Exercise aim: From the first line of the data below through the line bearing "ベージュ ブラック 994328", reproduce each line exactly; do not include pictures.
======== Input data
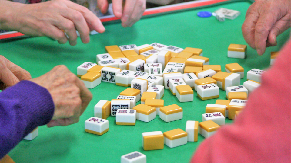 健康麻雀とは、「酒を飲まない」「タバコを吸わない」「賭けない」麻雀です。 指先で牌を動かし、考え、会話しながら行う麻雀は、認知症予防に効果的です。
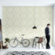 This watercolor wallpaper features a geometric pattern in pastel green and cream. Great for your bedroom, living room, hallway or office. Matching decor available.
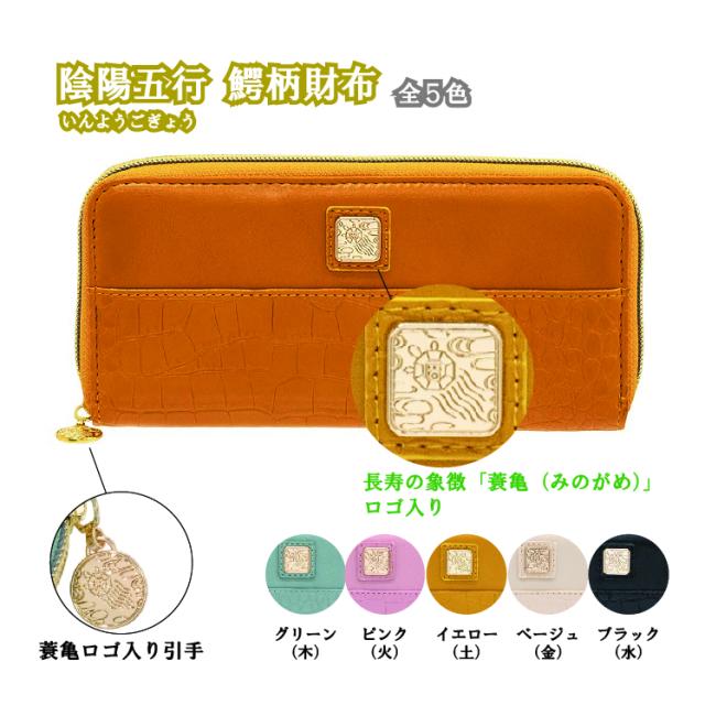 【送料無料】陰陽五行 鰐柄財布(いんようごぎょう わにがらさいふ) 財布 長財布 メンズ レディース 開運財布 開運 金運 健康運 カードポケット ラッキーカラー 陰陽五行 グリーン ピンク イエロー ベージュ ブラック 994328
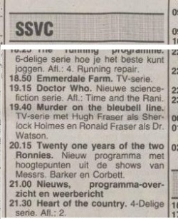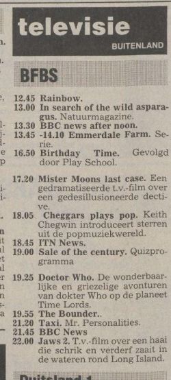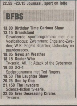 The 1980s West Germany listings come from the Dutch newspaper Limburgsch Dagblad (Limburg Daily), which is available online. Limburgsch was only permitted by the SSVC to include listings for BFBS from 27 August 1982 onwards -- too late for Season 19. While the text was in Dutch and could be easily translated, some of the listing details and story titles were actually in English.
================
Written response:
 健康麻雀とは、「酒を飲まない」「タバコを吸わない」「賭けない」麻雀です。 指先で牌を動かし、考え、会話しながら行う麻雀は、認知症予防に効果的です。
 This watercolor wallpaper features a geometric pattern in pastel green and cream. Great for your bedroom, living room, hallway or office. Matching decor available.
 【送料無料】陰陽五行 鰐柄財布(いんようごぎょう わにがらさいふ) 財布 長財布 メンズ レディース 開運財布 開運 金運 健康運 カードポケット ラッキーカラー 陰陽五行 グリーン ピンク イエロー ベージュ ブラック 994328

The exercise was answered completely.